オノがいない部屋で一人何をするでもなく、オノが脱ぎ散らかしたパジャマをクッションにしてソファーに座りタバコを二本ばかし吸った。カーテンの隙間から日差しが帯になって、タバコの煙が見えた。

僕はバツが悪くなった。

それで少し窓を開けると削岩機がアスファルトを砕いていて、たまらずすぐに窓を閉めた。

東京は暇があると道路に穴をあけている。ガス管だか水道管だか知らないが、ことを終えるとまた埋めると思うと馬鹿なことしてるなと思った。それで何万人もおまんま代を稼いでいるのだから凄い。

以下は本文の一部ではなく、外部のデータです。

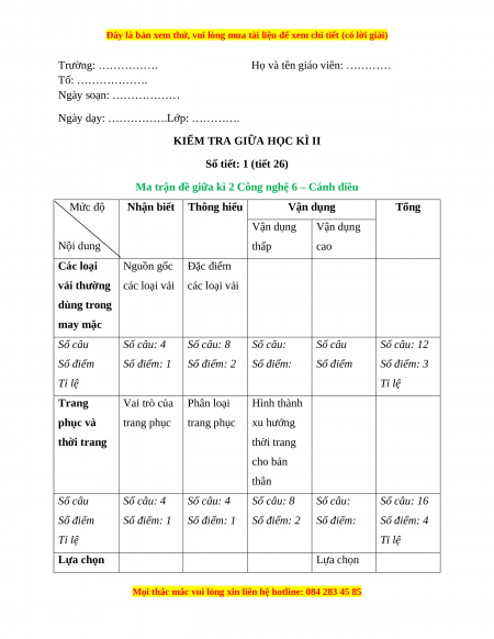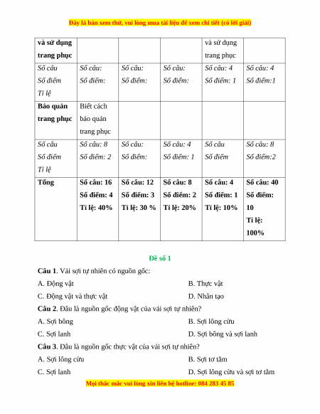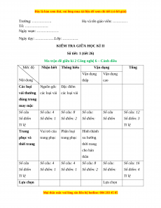 vải thường các loại vải các loại vải dùng trong may mặc Số câu Số câu: 4 Số câu: 8 Số câu: Số câu Số câu: 12 Số điểm Số điểm: 1 Số điểm: 2 Số điểm: Số điểm Số điểm: 3 Tỉ lệ Tỉ lệ Trang Vai trò của Phân loại Hình thành phục và trang phục trang phục xu hướng thời trang thời trang cho bản thân Số câu Số câu: 4 Số câu: 4 Số câu: 8 Số câu: Số câu: 16 Số điểm Số điểm: 1 Số điểm: 1 Số điểm: 2 Số điểm: Số điểm: 4 Tỉ lệ Tỉ lệ Lựa chọn Lựa chọn
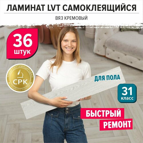 Купить Кварц виниловый LVT ламинат под дерево для пола самоклеящийся влагостойкий Bazzart «Вяз кремовый» 914х152мм 36 шт. с доставкой по всей России.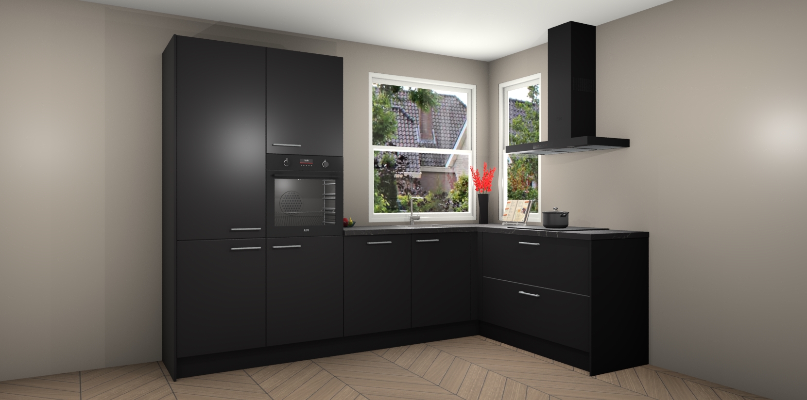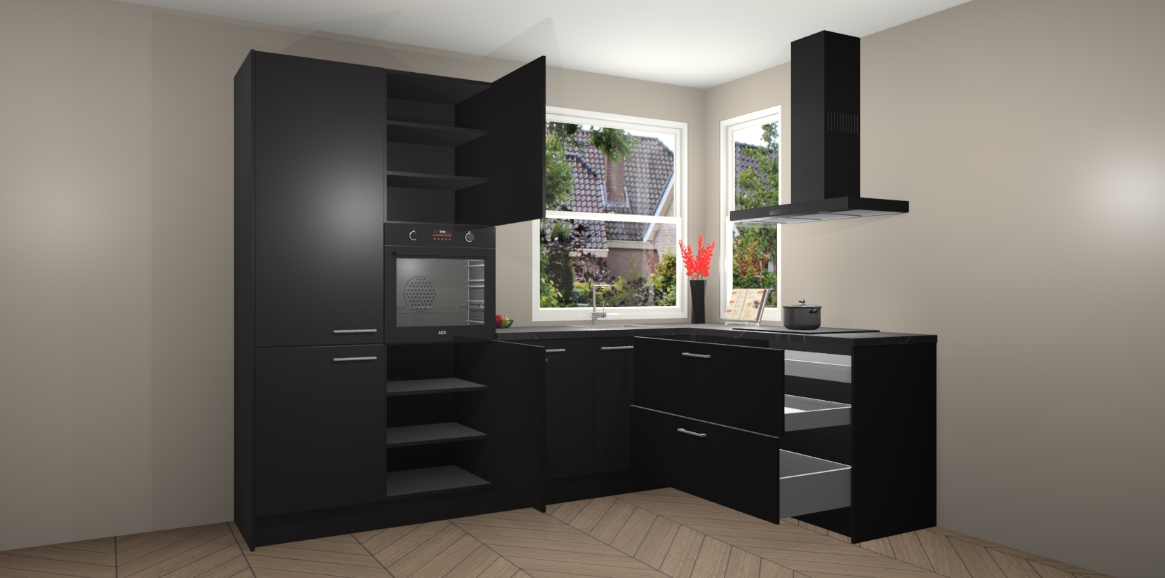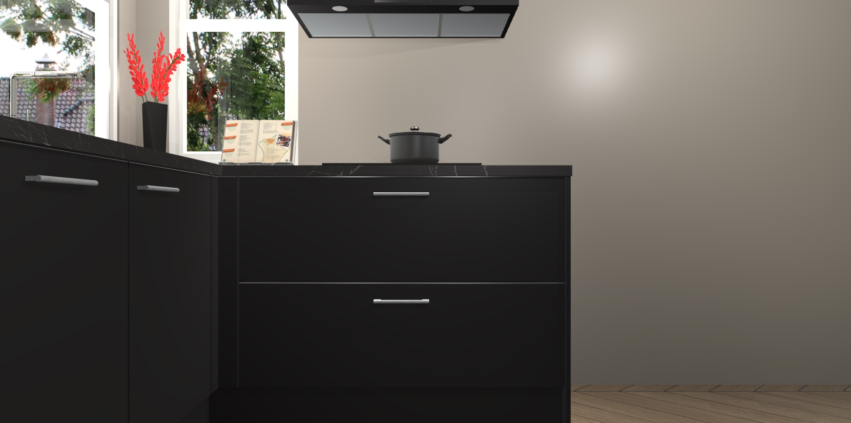 Het is tijd om halsoverkop verliefd te worden op uw droomkeuken, en de Zwarte keuken Kotor is precies wat u nodig heeft! Met een moderne, tijdloze constructie en een mix van prachtig design zal deze luxe hoekkeuken zeker opvallen. Maar laat de schoonheid u niet afleiden van de indrukwekkende functies - want onder dit alles schuilt een onovertroffen hoeveelheid lekkers!
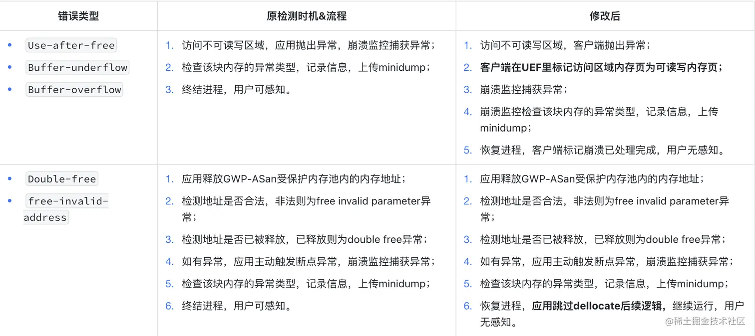 GWP-ASan检测到异常后,会主动崩溃导致客户端进程退出,给用户带来了不良体验。无崩溃的GWP-ASan检测到异常后,再将对应内存页标注为可读写的(如为use-after-free/buffer-underflow/buffer-overflow),仅生成上传崩溃报告,不主动终结进程,客户端标注异常已解决。用户无感知,程序继续运行。需要注意的是,客户端在UEF里标记访问区域内存页为可读写内存页可能影响后续的GWP-ASan检测。
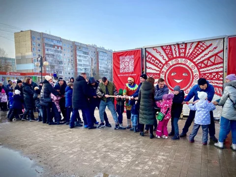 Сударыня Масленица и веселые Скоморохи проводили среди калужан соревнования на ловкость и силу.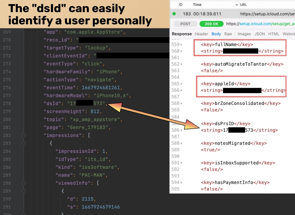 Как утверждают в Mysk, система аналитики передаёт параметр dsId (Directory Services Identifier, идентификатор службы каталогов). Анализ показал, что этот идентификатор уникален для каждого пользователя и может быть напрямую связан с определённой учётной записью iCloud, где хранятся имя, дата рождения, адрес электронной почты и другая информация о человеке.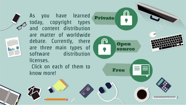 As you have learned today, copyright types and content distribution are matter of worldwide debate. Currently, there are three main types of software distribution licenses. Click on each of them to know more!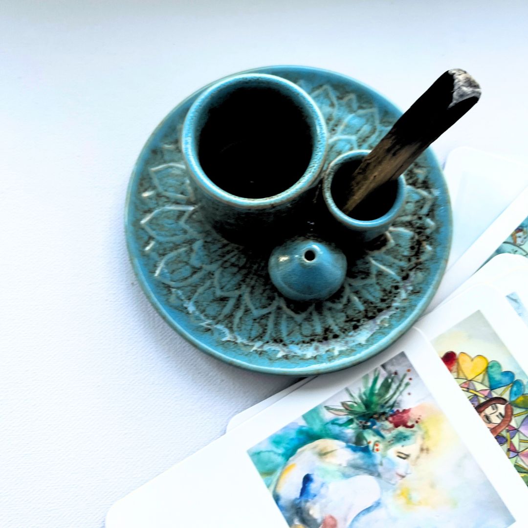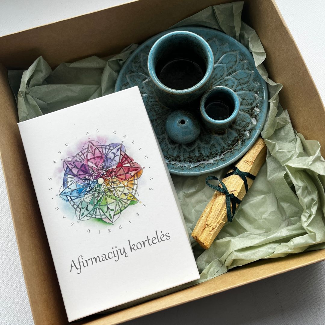 Dovanų rinkinys „Ritualai“ – jūsų kasdieniams ramybės ir įkvėpimo ritualams. Rinkinyje rasite afirmacijų korteles moterims, keraminę žvakidę-smilkalinę ir Palo Santo lazdelę – švelnų būdą pradėti dieną pozityviai ir sukurti jaukią atmosferą namuose.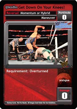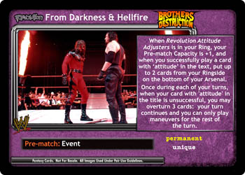 When Revolution Attitude Adjusters is in your Ring, your Pre-match Capacity is +1, and when you successfully play a card with 'attitude' in the text, put up to 2 cards from your Ringside on the bottom of your Arsenal. Once during each of your turns, when your card with 'attitude' in the title is unsuccessful, you may overturn 3 cards and your turn continues; you can only play maneuvers for the remainder of the turn.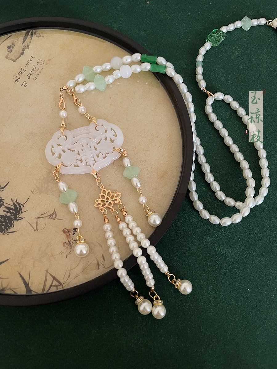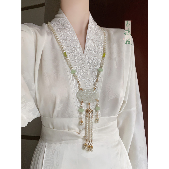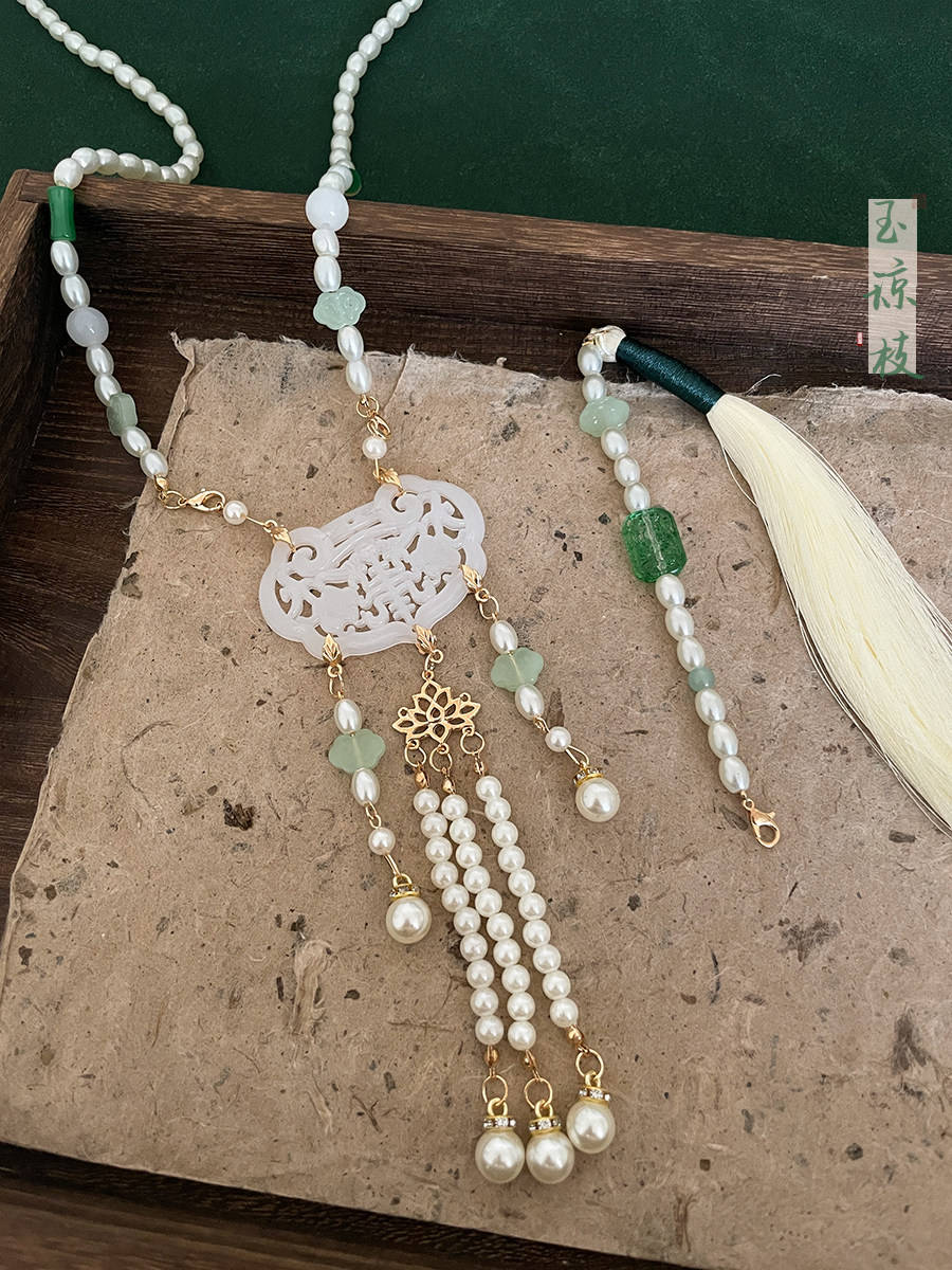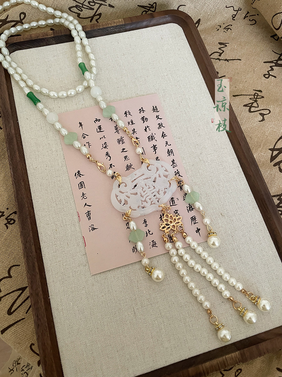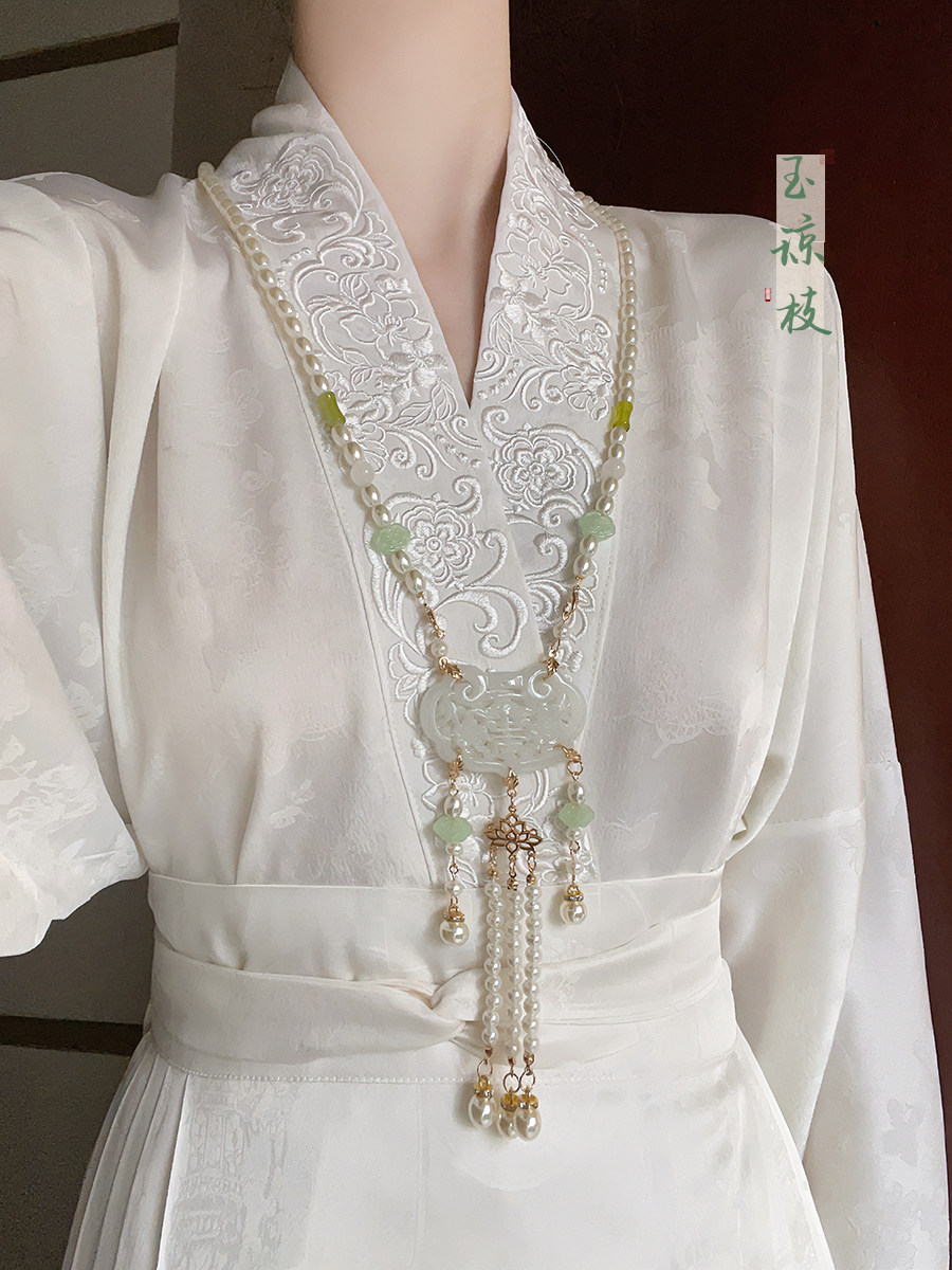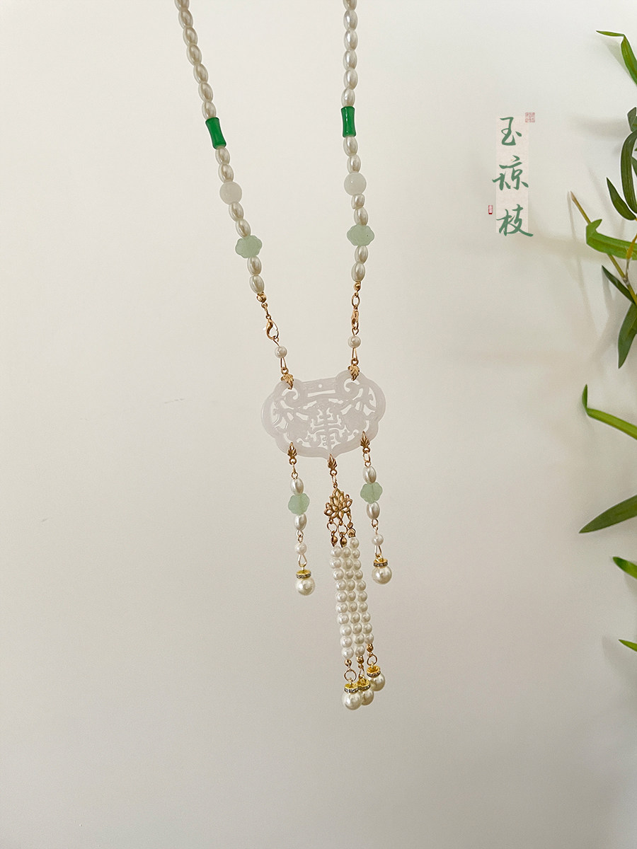 「祥雲」新中式白玉髓珍珠項鍊女古風瓔珞背雲流蘇串珠馬面裙配飾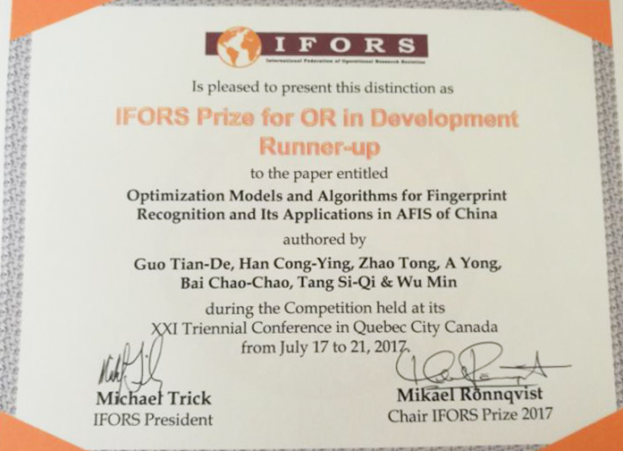 近日,第21届国际运筹学联合会大会(英文缩写IFORS)在加拿大魁北克国际会议中心召开。大会上,我校优秀校友、中国科学院大学郭田德教授团队提交的论文/项目“Optimization Models and Algorithms for Automatic Fingerprint Recognition and Its Applications in AFIS of China”,荣获二等奖。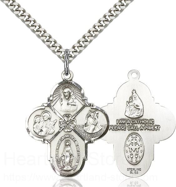 This 4 Way Cross Pendant has images of the Sacred Heart, St. Christopher, St. Joseph, and the Miraculous Medal up front. The back of the medal features the back of the Miraculous Medal and Our Lady of Mt. Caramel.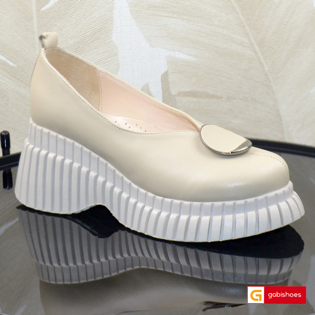 Pantofi Sport Piele Naturala Bej cu Alb Gabinna 3363-1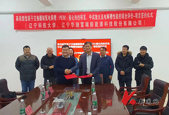 2月2日,荣耀体育app最新版下载化学工程学院与辽宁华融富瑞新能源科技股份有限公司举行“高效新型质子交换膜制氢电解槽(PEM)催化剂的研发、中试放大及电解槽性能的综合评价”项目签约仪式。鞍山市科技局、辽宁华融富瑞新能源科技股份有限公司、化工学院相关负责同志以及学院教师参加仪式。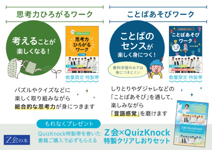 対象書店にて、「思考力ひろがるワーク」「ことばあそびワーク」をご購入いただくと、数量限定でZ会×QuizKnockオリジナルクリアファイルがもらえます。こちらは期間限定、数量限定の特別ノベルティですので、ぜひお早めにお求めください!

余計頭に響いて、またしばらくじっとしていた。窓を閉め切ると、この部屋はとても静かだ。気密性が良かった。トイレのタンクに水が落ちていたのが止まった。そしたらカチカチと時計の針が鳴った。すると、僕の携帯電話が鳴った。

僕は今日、女と会う。

君に彼女をRとしか紹介できないことを僕は謝りたい。別に照れで隠したわけではない。Rの実名は花から来ていて、似合い、はまっている。Rはその花みたいにさっぱりしていた。それにとても綺麗だった。

それで僕も考えて他に似合う名前を探したが、見つけられなかった。他にどんな花を持ってきてもダメだった。その名前にはどれだけ女の子らしいものを持ってきても何か違って思えた。初めてその名前を聞いた時、あまりに古風な名前で今ではハイカラで、それを彼女は名前に負けないくらい凛と生きていた。あんな形のピースを他で埋めよう思うほうがどうかしている。

諦めてRと君に伝えることにした。
「部活なので七時からでもいいですか」とRは言った。僕は「じゃあ七時に新宿西口でいいかな」と送るとそれで決まった。

女の子はいつもこうで、いつだって予定でいっぱいだ。いつでもスケジュール帳を鞄に忍ばせ、見ないと分からなくなるくらいカラフルにカレンダーを埋めている。十年前から予約を入れないと会うのも難しい。世の中の女の子はきっと我が国の首相よりも分刻みで予定を立てているのだ。

それに比べ僕は七時まで時間があった、ぼさっとしてようと思ったが、昨日のジュンと居酒屋で食べたフライドポテトを最後に、それから何も食べていなかった。腹が減った。

オノの冷蔵庫を見たが、食べられそうなものはなかった。グリーンカールとトマトときゅうりしかなかった。あいつはきっとサラダしか食べないのだろう。朝から晩までサラダ。太ってしまったのはどうしてか、やはりあいつはうさぎだった。

僕はオノの家でぼさっとする予定を切り上げて随分早く新宿へ向かった。

靖国通りを歩いていると、看板が所々新しくなっていて、新宿が大きな継ぎ接ぎを着ているみたいでおかしかった。ネオン管はお役御免で全部LEDライトにでも変わってしまうのだろうか。

アルタのスクリーンは遠くからでも電球一粒が見えていたが、今では綺麗になっていた。東口の喫煙スペースは追いやられ、吸い殻だらけの広場は清掃され趣も何もなくなっていた。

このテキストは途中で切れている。